Advanced Usage¶
Multiple functions in one script¶
We could also launch multiple functions (e.g. train on many GPUs, test on one GPU):
import torchrunx as trx
trained_model = trx.launch(
func=train,
hostnames=["node1", "node2"],
workers_per_host=8
).rank(0)
accuracy = trx.launch(
func=test,
func_args=(trained_model,),
hostnames=["localhost"],
workers_per_host=1
).rank(0)
print(f'Accuracy: {accuracy}')
torchrunx.launch
is self-cleaning: all processes are terminated (and the used memory is completely released) before the subsequent invocation.
CLI integration¶
We can use torchrunx.Launcher
to populate arguments from the CLI (e.g. with tyro):
import torchrunx as trx
import tyro
def distributed_function():
pass
if __name__ == "__main__":
launcher = tyro.cli(trx.Launcher)
launcher.run(distributed_function)
python ... --help
then results in:
╭─ options ─────────────────────────────────────────────╮
│ -h, --help show this help message and exit │
│ --hostnames {[STR [STR ...]]}|{auto,slurm} │
│ (default: auto) │
│ --workers-per-host INT|{[INT [INT ...]]}|{auto,slurm} │
│ (default: auto) │
│ --ssh-config-file {None}|STR|PATH │
│ (default: None) │
│ --backend {None,nccl,gloo,mpi,ucc,auto} │
│ (default: auto) │
│ --timeout INT (default: 600) │
│ --default-env-vars [STR [STR ...]] │
│ (default: PATH LD_LIBRARY ...) │
│ --extra-env-vars [STR [STR ...]] │
│ (default: ) │
│ --env-file {None}|STR|PATH │
│ (default: None) │
╰───────────────────────────────────────────────────────╯
SLURM integration¶
By default, the hostnames
or workers_per_host
arguments are populated from the current SLURM allocation. If no allocation is detected, we assume 1 machine (localhost) with N workers (num. GPUs or CPUs).
Raises a RuntimeError
if hostnames="slurm"
or workers_per_host="slurm"
but no allocation is detected.
Propagating exceptions¶
Exceptions that are raised in workers will be raised by the launcher process.

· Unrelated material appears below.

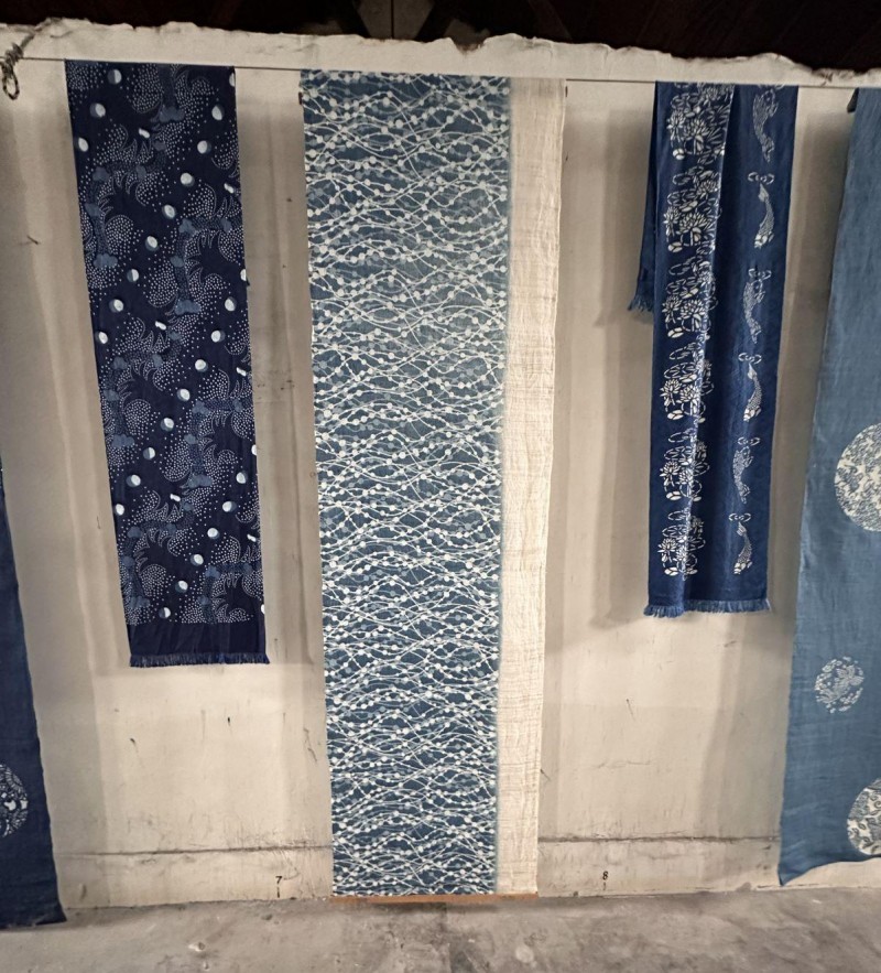 非遺傳承人倪沈健老師給團隊成員們詳細了解了藍印花布的制作工藝。從挑選優質棉布、設計圖案,到刻版、刮漿、染色,再到晾曬、刮白,每一步都凝聚著工匠們的心血與智慧。

A torchrunx.AgentFailedError
or torchrunx.WorkerFailedError
will be raised if any agent or worker dies unexpectedly (e.g. if sent a signal from the OS, due to segmentation faults or OOM).
Environment variables¶
Environment variables in the launcher process that match the default_env_vars
argument are automatically copied to agents and workers. We set useful defaults for Python and PyTorch. Environment variables are pattern-matched with this list using fnmatch
.
default_env_vars
can be overriden if desired. This list can be augmented using extra_env_vars
. Additional environment variables (and more custom bash logic) can be included via the env_file
argument. Our agents source
this file.
We also set the following environment variables in each worker: LOCAL_RANK
, RANK
, LOCAL_WORLD_SIZE
, WORLD_SIZE
, MASTER_ADDR
, and MASTER_PORT
.
Custom logging¶
We forward all logs (i.e. from logging
and sys.stdout
/sys.stderr
) from workers and agents to the launcher. By default, the logs from the first agent and its first worker are printed into the launcher’s stdout
stream. Logs from all agents and workers are written to files in $TORCHRUNX_LOG_DIR
(default: ./torchrunx_logs
) and are named by timestamp, hostname, and local_rank.
logging.Handler
objects can be provided via the handler_factory
argument to provide further customization (mapping specific agents/workers to custom output streams). You must pass a function that returns a list of logging.Handler
s to handler_factory
.
We provide some utilities to help:
- torchrunx.file_handler( ) Handler [source]¶
Handler builder function for writing logs from specified hostname/rank to a file.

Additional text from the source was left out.